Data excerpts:

++++++++

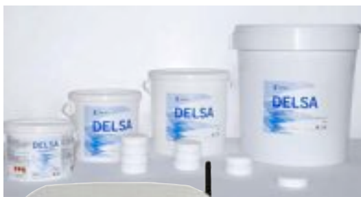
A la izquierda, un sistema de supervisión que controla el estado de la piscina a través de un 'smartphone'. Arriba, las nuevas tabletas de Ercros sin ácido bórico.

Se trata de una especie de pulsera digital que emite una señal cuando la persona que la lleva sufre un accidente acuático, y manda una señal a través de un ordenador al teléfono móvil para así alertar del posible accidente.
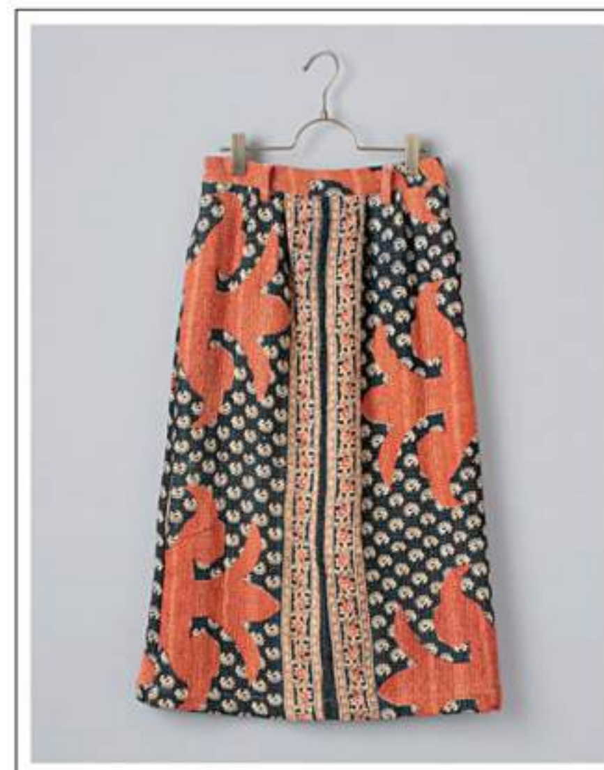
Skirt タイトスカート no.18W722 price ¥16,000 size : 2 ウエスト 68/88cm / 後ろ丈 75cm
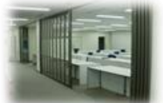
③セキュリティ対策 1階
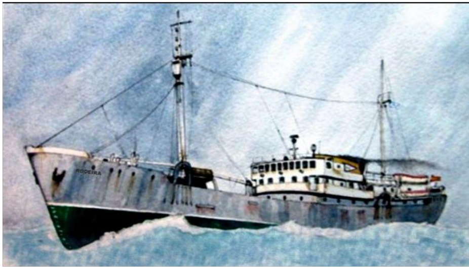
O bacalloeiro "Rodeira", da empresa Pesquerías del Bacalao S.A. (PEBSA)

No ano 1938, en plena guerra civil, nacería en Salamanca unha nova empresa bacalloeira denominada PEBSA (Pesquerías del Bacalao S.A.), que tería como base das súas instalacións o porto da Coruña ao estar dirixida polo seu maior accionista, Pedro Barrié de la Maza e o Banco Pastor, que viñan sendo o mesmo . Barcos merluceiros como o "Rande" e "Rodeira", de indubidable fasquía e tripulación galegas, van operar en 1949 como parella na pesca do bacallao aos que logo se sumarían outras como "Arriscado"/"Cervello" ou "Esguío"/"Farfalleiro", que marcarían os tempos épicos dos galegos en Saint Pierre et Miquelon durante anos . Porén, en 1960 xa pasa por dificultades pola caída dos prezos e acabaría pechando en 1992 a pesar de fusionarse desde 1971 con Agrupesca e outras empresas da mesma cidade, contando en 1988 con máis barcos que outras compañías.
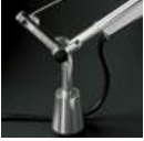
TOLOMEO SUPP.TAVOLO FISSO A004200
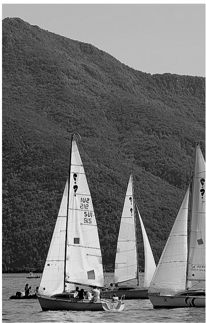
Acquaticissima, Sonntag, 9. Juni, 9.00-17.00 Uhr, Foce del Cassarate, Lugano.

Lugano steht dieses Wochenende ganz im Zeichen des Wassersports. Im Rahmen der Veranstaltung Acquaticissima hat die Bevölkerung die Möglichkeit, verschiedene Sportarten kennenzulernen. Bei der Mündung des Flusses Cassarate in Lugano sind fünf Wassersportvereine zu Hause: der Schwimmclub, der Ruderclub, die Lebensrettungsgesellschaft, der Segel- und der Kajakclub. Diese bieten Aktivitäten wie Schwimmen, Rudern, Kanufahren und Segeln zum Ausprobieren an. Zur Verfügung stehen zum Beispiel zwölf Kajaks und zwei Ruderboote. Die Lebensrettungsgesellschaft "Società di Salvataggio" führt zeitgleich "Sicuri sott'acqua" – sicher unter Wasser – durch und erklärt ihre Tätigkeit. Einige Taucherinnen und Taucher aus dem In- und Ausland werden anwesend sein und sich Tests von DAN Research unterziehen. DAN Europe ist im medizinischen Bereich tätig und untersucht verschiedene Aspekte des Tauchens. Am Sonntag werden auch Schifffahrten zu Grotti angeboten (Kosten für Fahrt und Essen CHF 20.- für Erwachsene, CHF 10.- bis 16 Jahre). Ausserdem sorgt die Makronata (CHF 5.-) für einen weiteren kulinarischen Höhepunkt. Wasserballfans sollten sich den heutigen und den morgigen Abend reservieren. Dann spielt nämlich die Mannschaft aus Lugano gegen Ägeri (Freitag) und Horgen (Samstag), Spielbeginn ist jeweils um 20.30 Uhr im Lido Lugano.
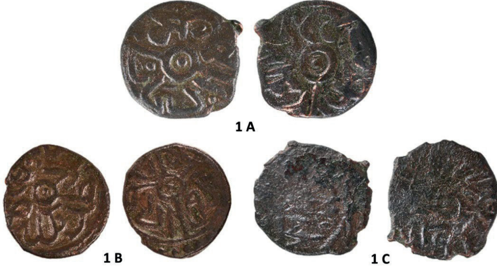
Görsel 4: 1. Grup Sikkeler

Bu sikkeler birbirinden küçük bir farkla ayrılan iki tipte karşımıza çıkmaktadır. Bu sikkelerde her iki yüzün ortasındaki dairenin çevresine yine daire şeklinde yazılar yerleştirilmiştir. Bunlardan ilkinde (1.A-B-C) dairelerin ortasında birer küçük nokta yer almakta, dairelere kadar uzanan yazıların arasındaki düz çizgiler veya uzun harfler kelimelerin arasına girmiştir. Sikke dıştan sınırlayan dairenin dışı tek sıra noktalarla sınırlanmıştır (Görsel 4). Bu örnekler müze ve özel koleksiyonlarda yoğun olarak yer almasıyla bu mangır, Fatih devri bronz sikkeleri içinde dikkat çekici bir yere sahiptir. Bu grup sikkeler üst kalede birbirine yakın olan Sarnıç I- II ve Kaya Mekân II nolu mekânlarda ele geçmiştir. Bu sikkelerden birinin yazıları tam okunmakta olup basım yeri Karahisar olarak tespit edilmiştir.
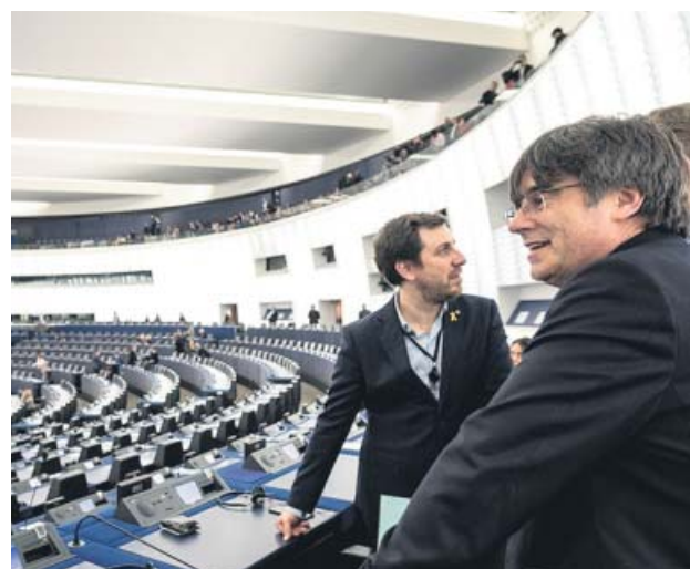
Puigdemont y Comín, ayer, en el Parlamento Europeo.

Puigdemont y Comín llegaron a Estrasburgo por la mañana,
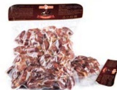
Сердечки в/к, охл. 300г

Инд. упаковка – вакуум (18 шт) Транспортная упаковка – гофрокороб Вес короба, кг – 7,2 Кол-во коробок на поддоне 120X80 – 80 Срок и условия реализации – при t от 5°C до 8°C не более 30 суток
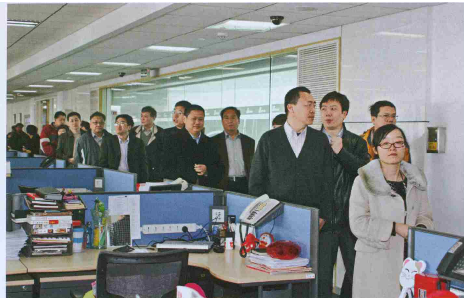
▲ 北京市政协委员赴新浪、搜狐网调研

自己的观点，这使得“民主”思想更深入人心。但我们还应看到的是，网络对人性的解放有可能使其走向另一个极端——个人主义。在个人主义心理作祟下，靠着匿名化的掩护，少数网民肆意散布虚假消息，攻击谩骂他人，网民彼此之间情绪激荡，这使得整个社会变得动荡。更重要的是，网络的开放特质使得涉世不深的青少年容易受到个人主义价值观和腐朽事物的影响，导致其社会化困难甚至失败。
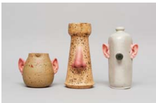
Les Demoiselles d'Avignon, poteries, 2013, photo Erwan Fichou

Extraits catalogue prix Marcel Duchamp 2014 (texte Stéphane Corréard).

++++++++

TASK GOAL >> When copying from the data above, print only the lines from the line containing "Skirt タイトスカート no.18W722" to the line containing "Bacalao S.A. (PEBSA)", exactly, and leave the pictures out.

EXERCISE RESULT >>
Skirt タイトスカート no.18W722 price ¥16,000 size : 2 ウエスト 68/88cm / 後ろ丈 75cm
③セキュリティ対策 1階
O bacalloeiro "Rodeira", da empresa Pesquerías del Bacalao S.A. (PEBSA)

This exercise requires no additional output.